31 Jan Feature Selectivity in Vision
This post is another in the series on specialization, in which the author stresses the need for very heterogeneous models for imitating brain capabilities with computers. An important discovery of neurophysiological and cybernetic research is that many neurons, particularly those in areas of the brain that specialize in processing perceptual data, are feature selective. Vision processing is a good example. Some neurons in the visual cortex respond specifically to color, some to light-dark contrast, and others to orientation of lines (Hubel & Wiesel, 1962, 1968; von der Malsburg, 1973). Selectivity to these types of features develops prior to birth in the striate cortex (Brodmann‘s area 17 or the “principal visual cortex”) and becomes tuned during the latter part of fetal development and early infancy (Hubel & Wiesel, 1979).
With specialized cells, each noting one specific aspect of a stimulus (image or sound…), the brain can generate composite representations of objects similar to the pixels on video monitors. Because this image-interpretation system is linked to the rest of the brain, complex patterns of activation can arise out of recognition to any image pattern perceived more than once. The importance of this discovery is that it suggests an explicit model of knowledge coding.
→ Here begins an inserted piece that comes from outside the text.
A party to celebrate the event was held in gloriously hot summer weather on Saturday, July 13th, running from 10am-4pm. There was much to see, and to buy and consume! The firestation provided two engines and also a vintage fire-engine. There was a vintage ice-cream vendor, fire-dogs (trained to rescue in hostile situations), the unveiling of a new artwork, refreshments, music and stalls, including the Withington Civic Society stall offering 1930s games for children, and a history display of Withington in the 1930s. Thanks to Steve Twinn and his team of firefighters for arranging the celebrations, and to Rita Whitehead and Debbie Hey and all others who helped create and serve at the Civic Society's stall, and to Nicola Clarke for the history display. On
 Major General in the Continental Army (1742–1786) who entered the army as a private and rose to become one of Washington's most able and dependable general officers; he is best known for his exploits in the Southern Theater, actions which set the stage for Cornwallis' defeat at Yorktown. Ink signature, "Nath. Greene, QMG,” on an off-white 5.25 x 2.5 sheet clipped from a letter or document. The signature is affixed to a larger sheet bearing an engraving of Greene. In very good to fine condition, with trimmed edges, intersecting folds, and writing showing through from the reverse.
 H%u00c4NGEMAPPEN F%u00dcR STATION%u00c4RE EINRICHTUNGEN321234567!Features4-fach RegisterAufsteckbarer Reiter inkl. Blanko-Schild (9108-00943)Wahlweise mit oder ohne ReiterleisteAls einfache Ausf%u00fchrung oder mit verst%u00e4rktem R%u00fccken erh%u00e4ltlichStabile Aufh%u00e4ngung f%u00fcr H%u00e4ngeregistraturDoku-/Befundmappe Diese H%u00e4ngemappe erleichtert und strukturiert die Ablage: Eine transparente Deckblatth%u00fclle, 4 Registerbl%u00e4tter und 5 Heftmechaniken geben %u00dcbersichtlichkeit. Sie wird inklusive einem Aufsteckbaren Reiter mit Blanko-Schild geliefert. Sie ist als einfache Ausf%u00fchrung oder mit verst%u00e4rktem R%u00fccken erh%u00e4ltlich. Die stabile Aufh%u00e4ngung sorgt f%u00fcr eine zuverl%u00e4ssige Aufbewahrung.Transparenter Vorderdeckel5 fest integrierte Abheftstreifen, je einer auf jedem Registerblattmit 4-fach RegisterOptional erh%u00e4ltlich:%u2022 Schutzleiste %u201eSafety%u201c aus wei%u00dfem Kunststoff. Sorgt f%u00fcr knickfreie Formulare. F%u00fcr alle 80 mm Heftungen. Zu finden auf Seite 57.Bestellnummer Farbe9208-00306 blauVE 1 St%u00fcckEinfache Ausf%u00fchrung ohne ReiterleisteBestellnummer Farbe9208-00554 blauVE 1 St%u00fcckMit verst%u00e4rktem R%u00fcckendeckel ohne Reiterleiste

- Color selective cells become activated in response to perceived colors.
- Contrast selective cells detect borders in images. The aggregate borders of an image tell its shapes.
- Orientation selective cells have been extensively researched in cats. You may have heard of cats that run into chair legs when they are raised in rooms with horizontal lines.
These specialized processing elements (cells) collaborate to divide and conquer, assembling the whole from the parts, and creating an input signal pattern that can be compared with known patterns in the brain.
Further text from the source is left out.